H) CV of BES/H2B ratio in each sepal, p = 0.62.

Lines in violin plots represent the 25^th, 50^th, and 75^th quantiles. For each graph, n is listed below the violin plot.

*p < 0.05, **p < 0.005, *** p < 0.0005, **** p < 0.00005 in Wilcoxon’s rank sum tests.

Scale bars 50 μm

Previous work has shown that treating WT buds with the translation inhibitor cycloheximide (CHX) can recreate several phenotypes seen in drmy1, such as sepal growth defects and changes to auxin and cytokinin signaling (Kong et al. 2024b). Therefore we hypothesized that we should be able to recreate increases in brassinosteroid signaling with CHX as well. As anticipated, treating WT plants with 2 μM CHX for 6 days significantly increased BES1/H2B ratios of sepals (p = 0.0049) (Figure 4E and 4F). This result was only significant for lateral sepals, though trended higher in outer and inner sepals (outer; p = 0.18, inner; p = 0.059, lateral; p = 0.03) (Figure 4G). However, CHX did not recapitulate the increase in CV seen in drmy1 (Figure 4H), suggesting that the increased variability in BR signaling in drmy1 is not a direct consequence of the decreased translation. Together, these results confirm that brassinosteroid signaling is increased in drmy1 likely due to the decrease in protein translation.
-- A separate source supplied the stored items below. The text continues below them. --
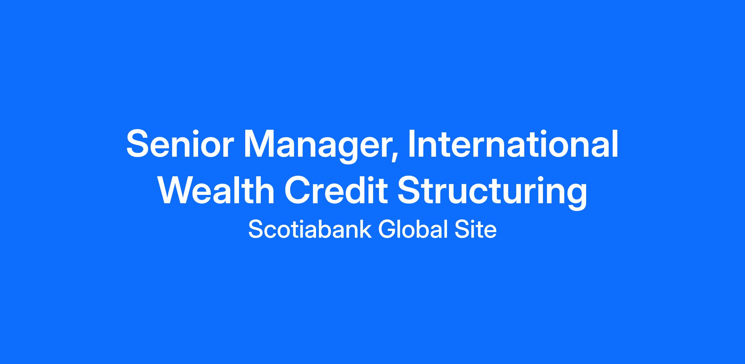 The Senior Manager, International Wealth Credit Structuring is focused on customized credit underwriting. The role is responsible for contributing to the quality and the profitable growth of the Private Banking customized credit portfolio by completing credit structuring-related activities for High Net Worth and Ultra High Net Worth clients including risk analysis, deal structuring, underwriting, pricing, negotiation and credit presentations for highly complex deals. The incumbent interfaces directly with clients at times, in partnership with the Credit Advisors and Wealth Managers in the booking points where we operate (Toronto, Mexico, Bahamas, Cayman, Peru, Chile, Dominican Republic) and liaises with Global Risk Management through the credit decision- making process. The primary focus of the position is the completion of new credit requests and compliance with the bank’s policies.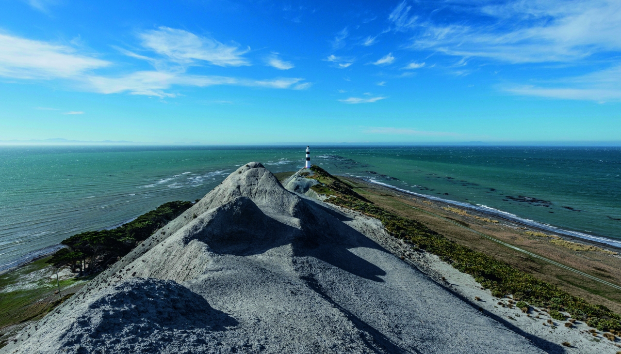 The lighthouse can be reached from Marfells Beach, a full day’s return walk. Spring high tides can block access around the foot of bluffs.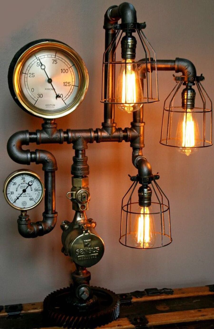 Светильник отличает брутальность конструкции, напоминающей об эре паровых машин и механизмов.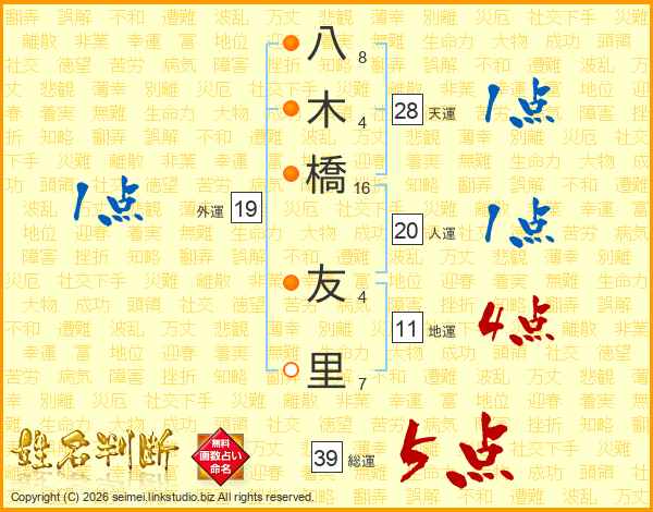 八木橋友里さんの総運は39画の5点!
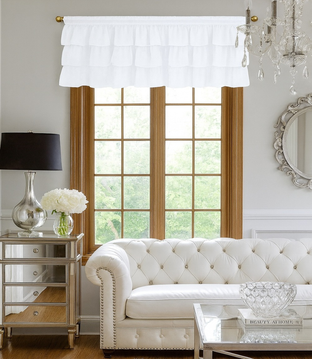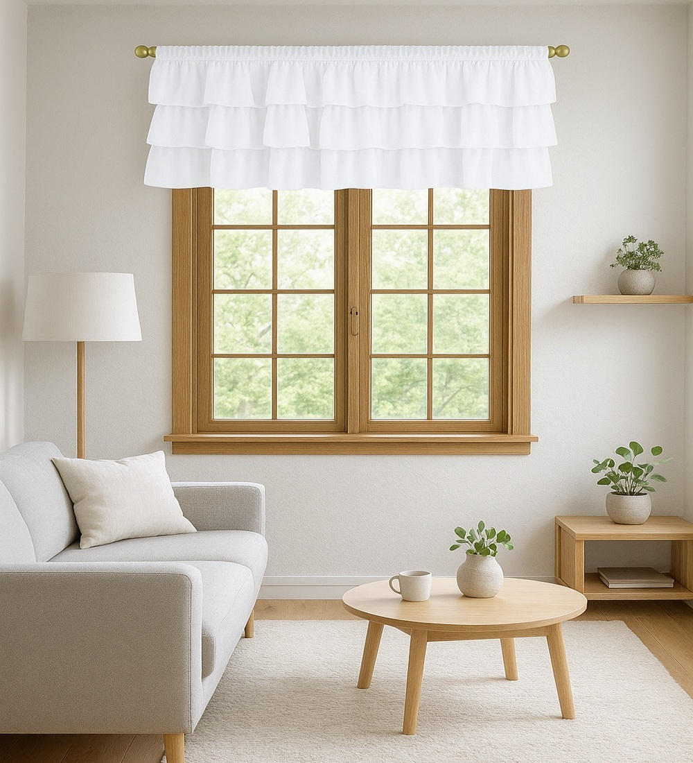 Przepięknie układająca się firana - lambrekin z eleganckimi falbanami nada niepowtarzalny klimat każdemu wnętrzu. Idealna do salonu czy sypialni - wszędzie będzie wyglądać olśniewająco i nadawać blasku Twojemu domowi. Lambrekin jest uszyty z doskonałej jakości białego woalu, dolna część została wykończona trzema falbanami w hiszpańskim stylu. Sliczny lambrkin jest niezwykle elegancki, idealny do kuchni salonu, sypialni czy pokoju dziecka - wszędzie będzie wyglądać olśniewająco i nadawać blasku Twojemu domowi.
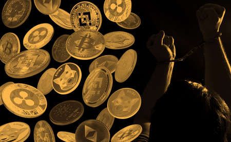 Hands in handcuffs and cryptocurrencies over dark background. Crypto crime concept.
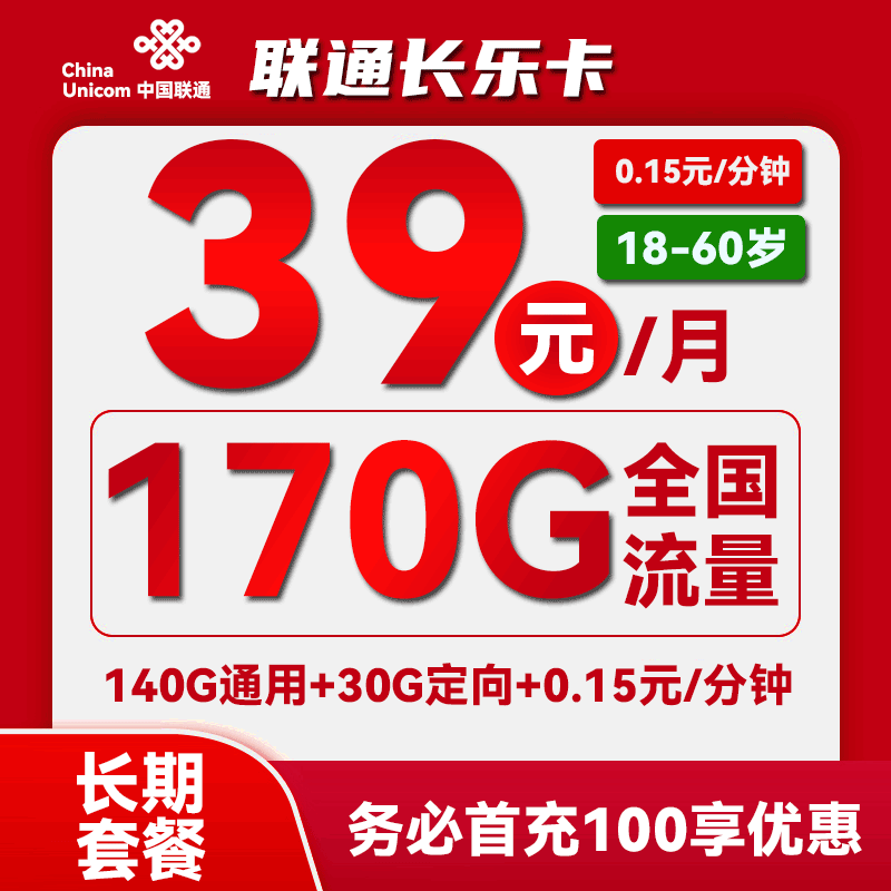 联通长乐卡39元月享170G+通话0.15元/分钟【长期套餐】【发全国】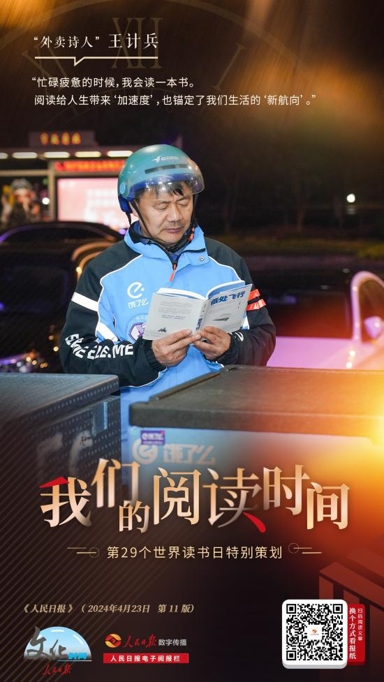 “我的外賣箱里總會(huì)放一本書,在等外賣的間隙或者訂單空閑的時(shí)候看,現(xiàn)在主要在手機(jī)上閱讀?!比缃?,王計(jì)兵已創(chuàng)作5000多首詩歌,出版3本詩集,還在進(jìn)行非虛構(gòu)寫作。他說:“閱讀給我的人生帶來‘加速度’,為忙碌的生活錨定方向感。”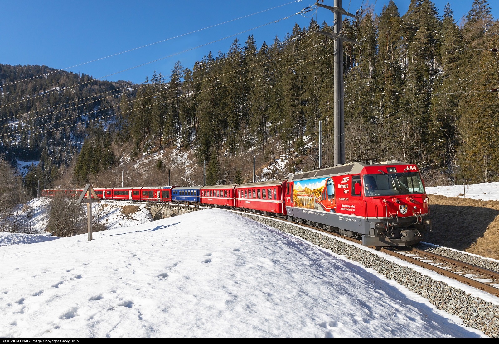 | Locomotive Ge 4/4 III # 644 of the Rhaetian Railway, in the special paint scheme "world record", pulls the Interregio 1129 of the line IR38 from Chur over the Albula line to St.Moritz, between Solis and Tiefencastel. |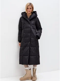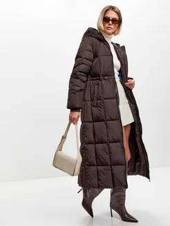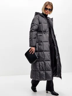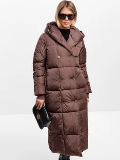 Пуховик зимний длинный стеганый с капюшоном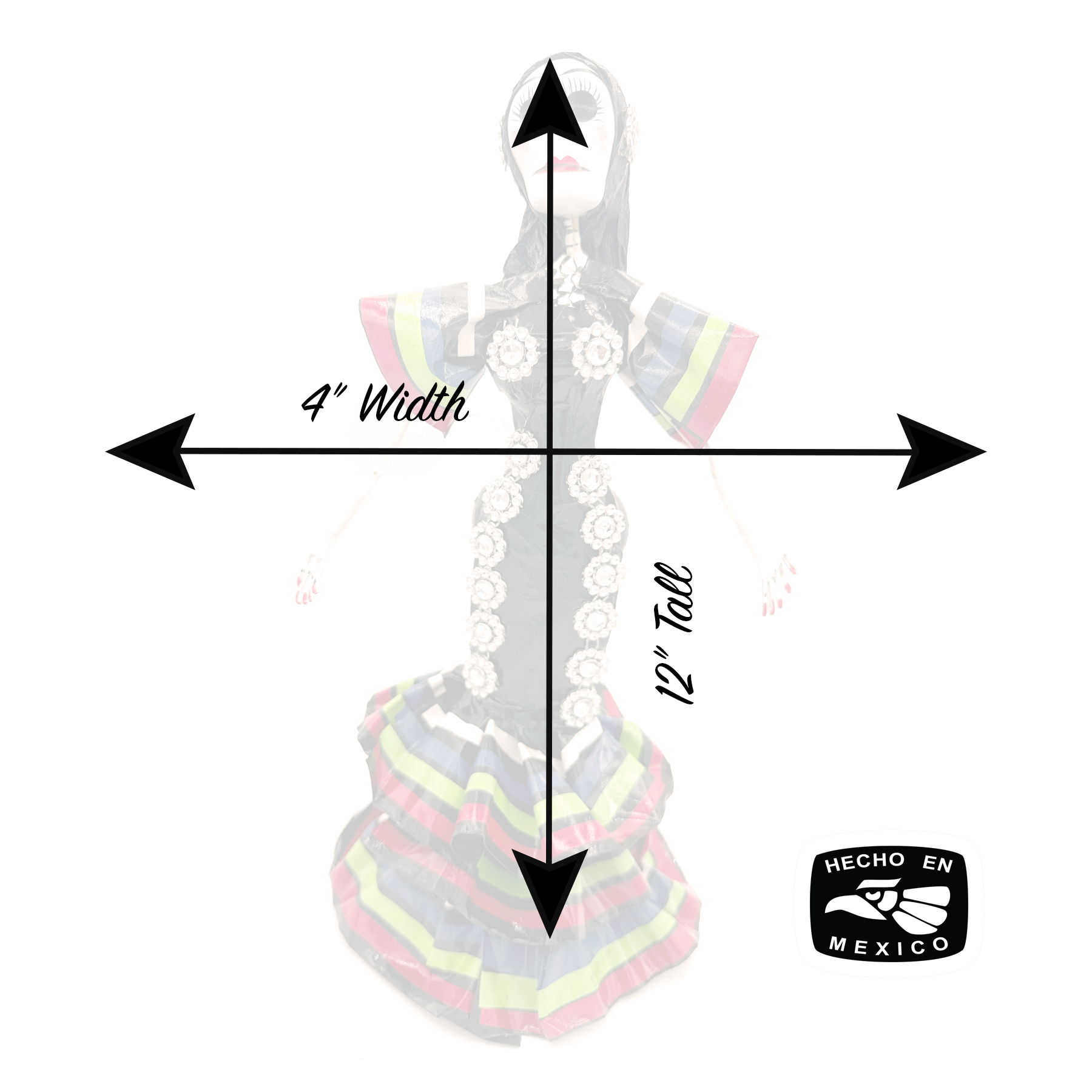Mexican Handmade Paper Maché – Catrina Hijas de Jalisco – Tricolor de Mayra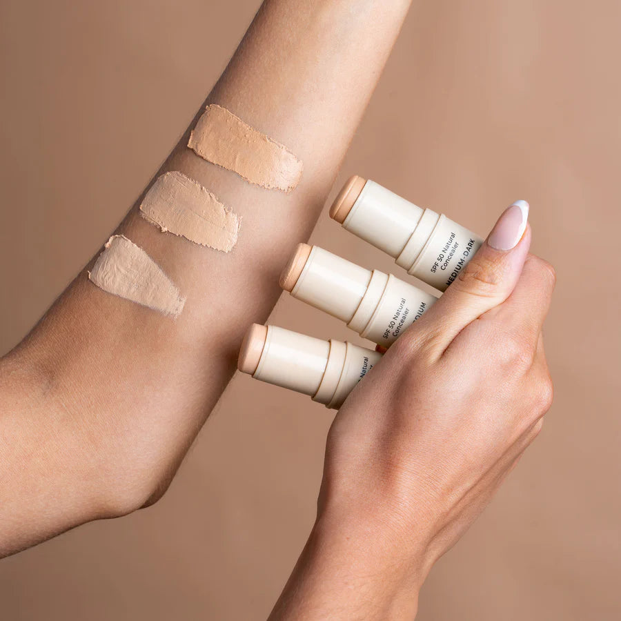 Introducing our latest innovation in natural sun protection and skin-loving makeup: the SPF 50 Natural Concealer. This physical zinc-based concealer is designed to deliver full coverage with a matte finish, seamlessly masking blemishes, pigmentation, and under-eye circles—while providing high-performance SPF 50 protection.

Altering brassinosteroid levels differentially affects elongation of the inner and outer sepals

Because drmy1 has increased BR signaling, we investigated BR mutants for sepal growth defects. We noticed that the dominant brassinazole-resistant1–1D (bzr1–1D) mutant, which has higher levels of BR signaling due to a stabilized BR responsive transcription factor, has elongated outer sepals compared to WT (p = 0.019), reminiscent of the elongated outer sepals of drmy1 (Figure 5A and 5B). Interestingly, bzr1–1D inner sepals are not longer than WT inner sepals (p = 0.87) (Figure 5C). This results in a larger discrepancy between the lengths of the inner and outer sepals in bzr1–1D compared to WT, as quantified by taking the ratio of the lengths of the outer divided by the inner sepals (p = 0.00014) (Figure 5D). However, the outer/inner ratio is not quite as severe in bzr1–1D as in drmy1, suggesting that increased BR signaling accounts for some, but not all, of the size discrepancy between the outer and inner sepals in drmy1 (Figure 5D).

Figure 5:

Sepal growth defects are partially rescued in drmy1 by decreasing brassinosteroid signaling to reduce outer sepal overgrowth, or by increasing brassinosteroid signaling to increase inner sepal growth.

A) Confocal images of single brassinosteroid mutants bzr1–1D and det2, as well as double mutants with drmy1 expressing the membrane marker 35S::RCI2A-mCitrine.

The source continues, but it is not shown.